His next lightbulb moment came not long after completing the TA when he attended a rugby game which happened to coincide with Mental Health Awareness Week. “With New Zealand having such a high rate of suicide and there also being a disproportionate suicide rate in farming, it hit a nerve for me,” says Grimmy. “While the issue is often spoken about in whispers, the announcer at the game asked for everyone in attendance to make as much noise as possible for two minutes as a way of bringing it out in the open. It was a spine chilling moment. I soon decided the Kopiko Aotearoa trail from the East Cape across to Cape Egmont, a distance of 1,060km, would be the perfect way to help raise money for mental health.”

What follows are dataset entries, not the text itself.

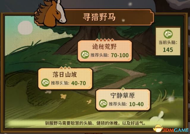 寻猎野马功能在少年期的第20个回合左右触发,根据角色的头脑值进行寻马。
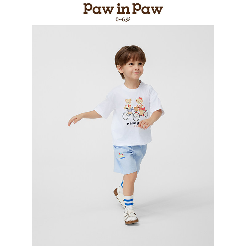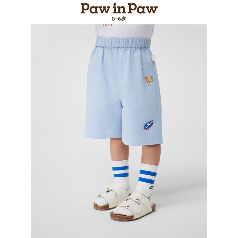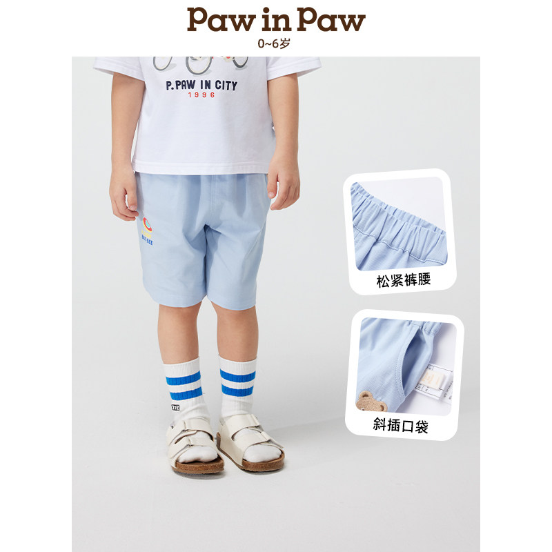 PawinPaw卡通小熊童装春夏男宝宝宽松舒适七分裤纯棉短裤
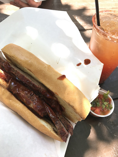 For your $10 buckeroos, you get a good roll with some nice tri-tip. There are three sauces you can slather on. We found the BBQ sauce went well with the horseradish cream. But I like the pico de gallo addition with a bit of veg. It really didn’t need the sauces for moistness however. The beef was so tender and flavorful. I almost wished I had gotten my own sandwich but I shared with a friend. Next time.
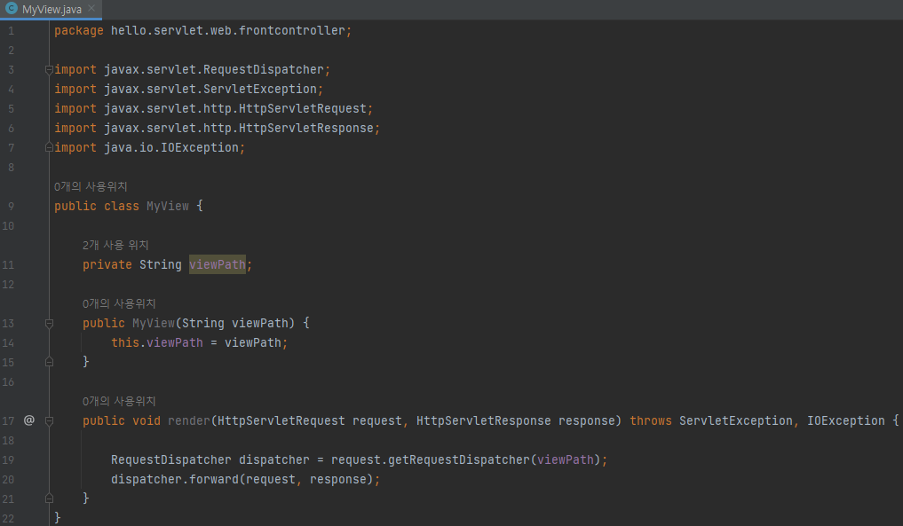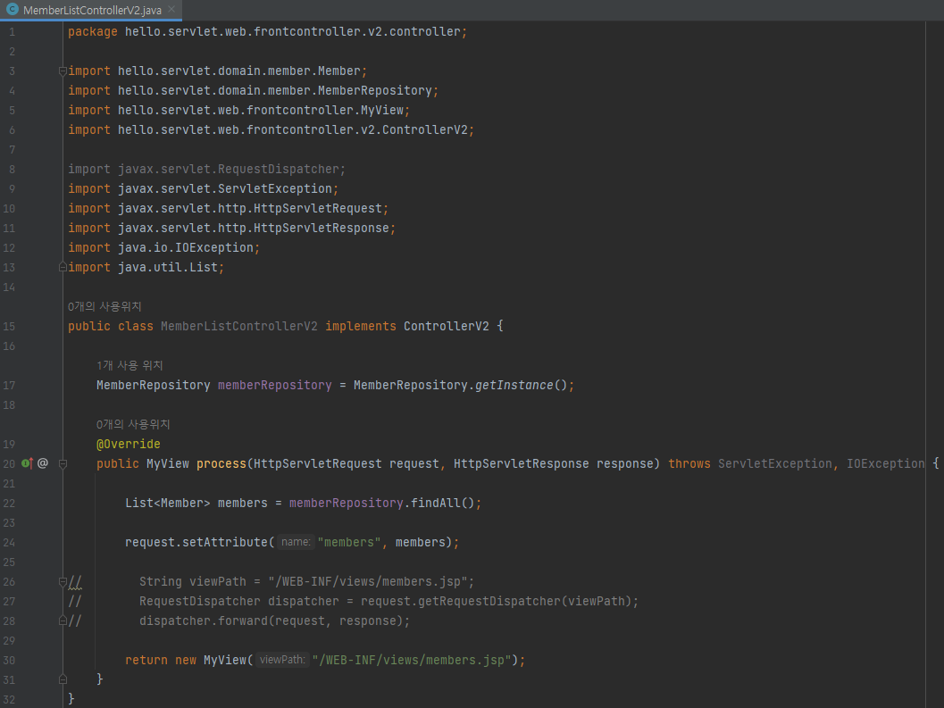 이제 각 컨트롤러는 복잡한 dispatcher.forward()를 직접 생성해서 호출하지 않아도 된다. 단순히 MyView 객체를 생성하고 거기에 뷰 이름만 넣고 반환하면 된다.

Once again, his local farming community in Morrinsville came to the party contributing the bulk of the $20,000 raised. So Grimmy decided to depart and finish in Morrinsville, adding another 900km to the ride. Sixty people turned up with bikes to officially start the ride out of town with him, a couple even making it as far as Rotorua before allowing him complete the rest of the 19-day ride solo.

In between fundraising, Grimmy is often back on the bike just for fun and the sense of satisfaction he gets from challenges like riding from his farm gate at Morrinsville all the way to his holiday home in Whitianga and, more recently, completing 12 ascents of Centennial Drive non-stop. If you ask him why, he’ll simply reply, “Why not? It’s all in a good day’s work.”

Pictured: Part-time Whitianga resident, Grimmy Martin, raised more than $60,000 for charity cycling the Tour Aotearoa and Kopiko Aotearoa trails.